If-Statement in C memory address

Question

Well,l I am sorry. I think this question has already been answered somewhere else, but I could not find a solution for this. I have a variable of type int and an if-statement in C and I don't know what this statement checks.

int a;
if(a==0x6634522)
{
  //do some stuff
}

I am really sorry if this is already answered somewhere else..

Answer 1

a==0x6634522 checks whether a is equivalent to the hexadecimal 0x6634522 ( (6634522)₁₆ = (107169058)₁₀) ) or not. It is checking the value stored in a, not the address of a (&a).

Answer 2

The if statement is nothing more than a test to determine whether the uninitialized variable a has the hexadecimal integer value, 0x6634522. It is unlikely to ever be true. Your code sample is equivalent to:

int a;
if(a==107169058)
{
  //do some stuff
}

...because 0x6634522 in hexadecimal (base 16) notation is 107169058 in decimal (base 10) notation.

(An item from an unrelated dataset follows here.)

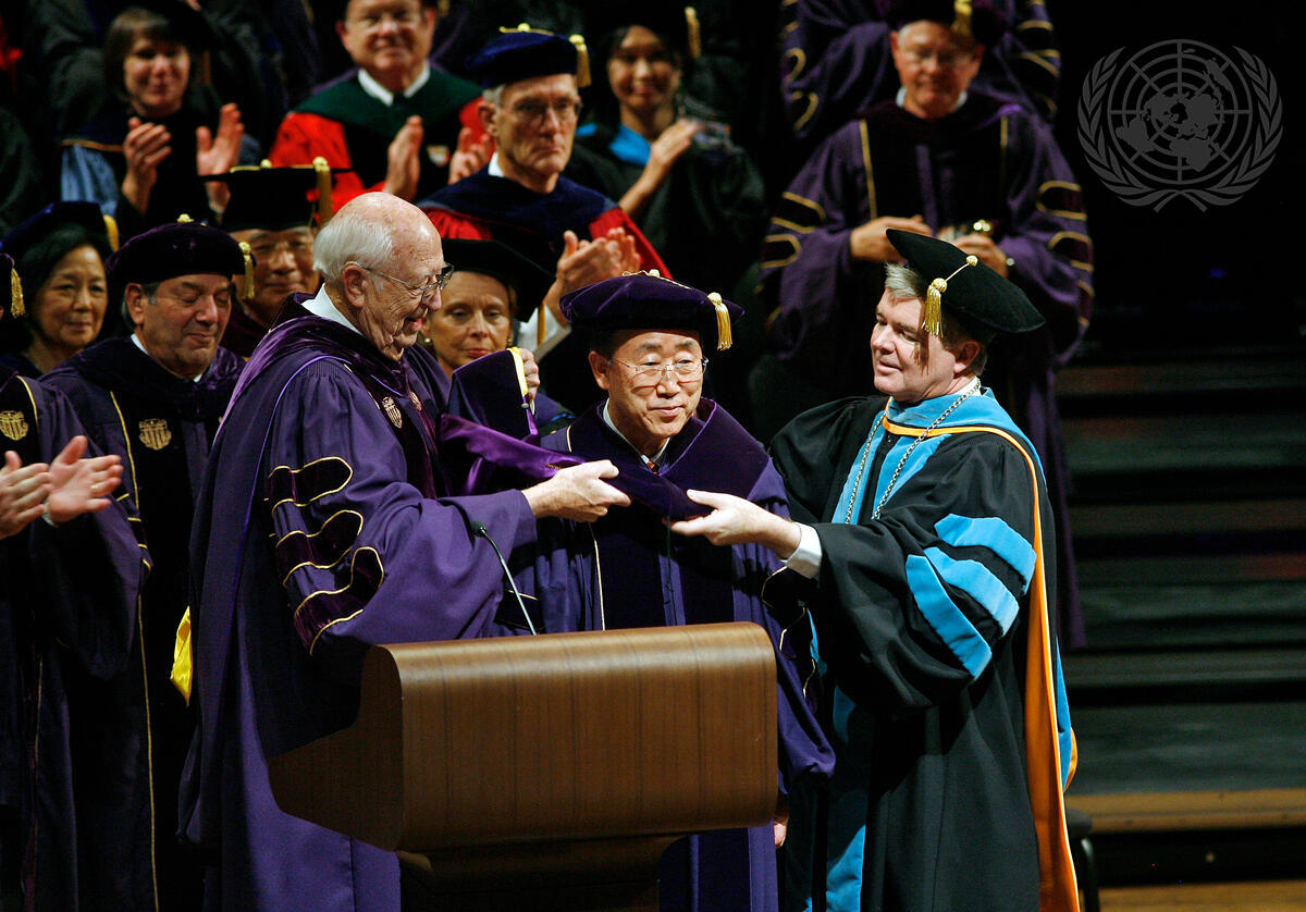 Secretary-General Ban Ki-moon (centre) is ""hooded"" (symbolizing the attainment of his Doctor of Laws degree) by William Gates, Sr. (left), member of the University of Washington Board of Regents and father of Microsoft co-founder Bill Gates, and University of Washington President Mark Emmert (right), inside Meany Hall for the Performing Arts at the University of Washington, Seattle.
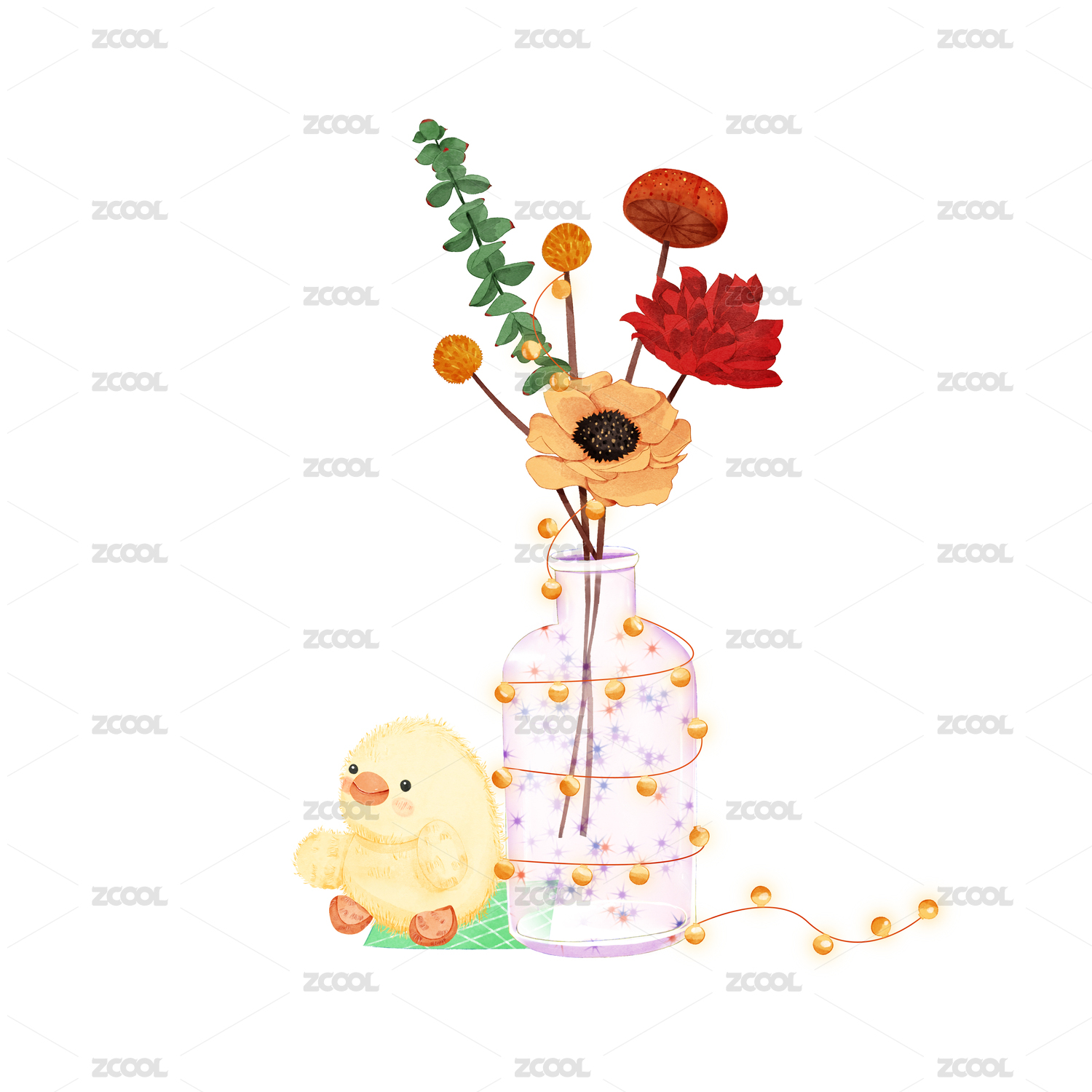 原創(chuàng)手繪小清新瓶子干花插畫

It is true that memory addresses assigned to pointer variables are typically assigned using hexadecimal numbers, but that is a reflection of the historical convention adopted because memory address spaces have almost always ranged over addresses which were a power of two and hexadecimal notation provides a more compact representation. But there is no requirement in C to use decimal, hexadecimal, or even octal number literals for number or pointer values.

Answer 3

If a equals to 107169058 it does some stuff, but since a has not been initialized it will unlikely do any stuff.

Answer 4

It is just checking if a is the same as hexadecimal number 6634522. Whenever you put 0x in front of an integer constant, C interprets it as a hexadecimal number.